ENTRIES SHOWN:
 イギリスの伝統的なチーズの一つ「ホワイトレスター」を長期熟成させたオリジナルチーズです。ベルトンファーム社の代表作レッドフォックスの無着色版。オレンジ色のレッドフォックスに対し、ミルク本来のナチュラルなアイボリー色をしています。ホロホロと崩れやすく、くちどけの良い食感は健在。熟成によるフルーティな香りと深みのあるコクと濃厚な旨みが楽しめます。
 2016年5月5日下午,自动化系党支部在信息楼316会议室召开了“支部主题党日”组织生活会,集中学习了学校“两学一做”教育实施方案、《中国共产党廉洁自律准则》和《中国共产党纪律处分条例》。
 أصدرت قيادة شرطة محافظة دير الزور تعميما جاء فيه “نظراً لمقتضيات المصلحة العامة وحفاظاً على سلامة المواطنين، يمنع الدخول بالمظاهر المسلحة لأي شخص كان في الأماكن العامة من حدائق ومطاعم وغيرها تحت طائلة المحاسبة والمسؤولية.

---

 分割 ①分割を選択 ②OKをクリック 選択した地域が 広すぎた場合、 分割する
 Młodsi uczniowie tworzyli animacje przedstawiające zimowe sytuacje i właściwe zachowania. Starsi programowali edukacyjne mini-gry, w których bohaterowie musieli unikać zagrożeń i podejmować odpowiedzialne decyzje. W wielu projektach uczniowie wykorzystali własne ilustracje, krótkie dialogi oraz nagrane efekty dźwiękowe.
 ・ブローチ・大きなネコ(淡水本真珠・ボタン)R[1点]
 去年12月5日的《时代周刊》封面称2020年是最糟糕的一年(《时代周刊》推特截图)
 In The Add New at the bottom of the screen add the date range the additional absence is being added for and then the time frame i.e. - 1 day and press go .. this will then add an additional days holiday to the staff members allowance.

--

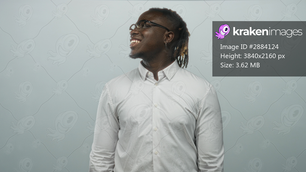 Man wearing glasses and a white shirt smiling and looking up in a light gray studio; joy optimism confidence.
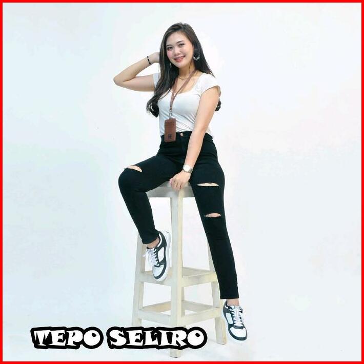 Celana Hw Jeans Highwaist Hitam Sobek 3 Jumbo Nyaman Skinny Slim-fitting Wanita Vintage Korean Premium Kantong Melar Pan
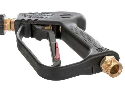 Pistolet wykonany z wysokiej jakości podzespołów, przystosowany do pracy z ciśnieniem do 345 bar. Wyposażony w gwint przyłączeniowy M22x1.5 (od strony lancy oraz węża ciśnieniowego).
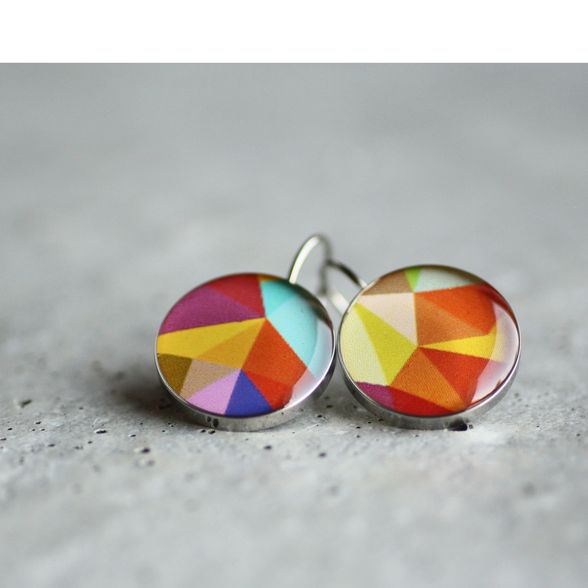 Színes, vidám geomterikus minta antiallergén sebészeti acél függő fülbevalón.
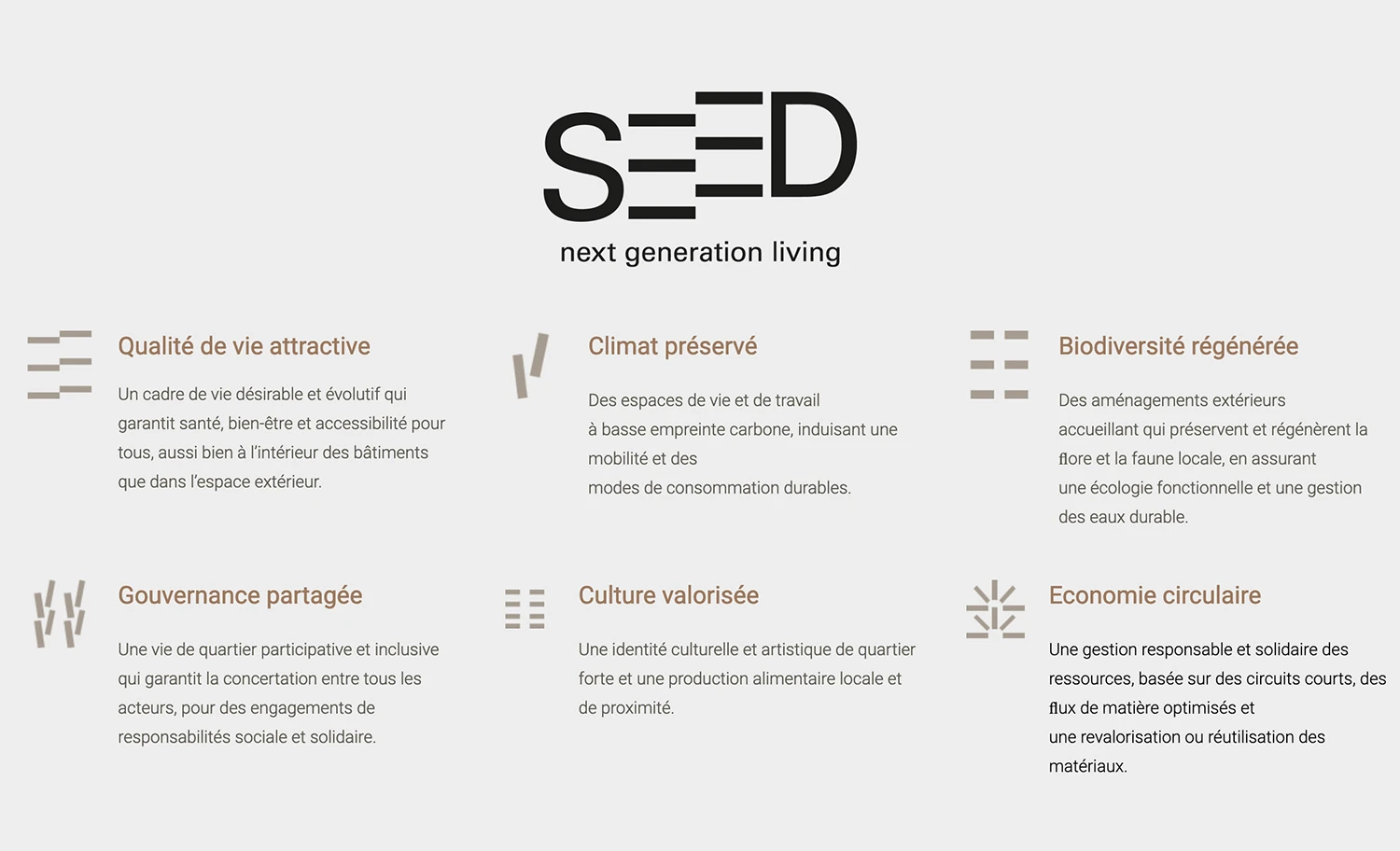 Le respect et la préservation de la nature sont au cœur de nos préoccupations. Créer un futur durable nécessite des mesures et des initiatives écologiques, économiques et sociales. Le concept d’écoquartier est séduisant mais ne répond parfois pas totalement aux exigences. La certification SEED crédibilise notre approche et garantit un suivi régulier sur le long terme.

WHAT TO DO:
Starting at the line above that holds "Színes, vidám geomterikus", return each line up to and including the one that holds "Le respect et", exactly as written, minus any pictures.

ANSWER BOX:
 Színes, vidám geomterikus minta antiallergén sebészeti acél függő fülbevalón.
 Le respect et la préservation de la nature sont au cœur de nos préoccupations. Créer un futur durable nécessite des mesures et des initiatives écologiques, économiques et sociales. Le concept d’écoquartier est séduisant mais ne répond parfois pas totalement aux exigences. La certification SEED crédibilise notre approche et garantit un suivi régulier sur le long terme.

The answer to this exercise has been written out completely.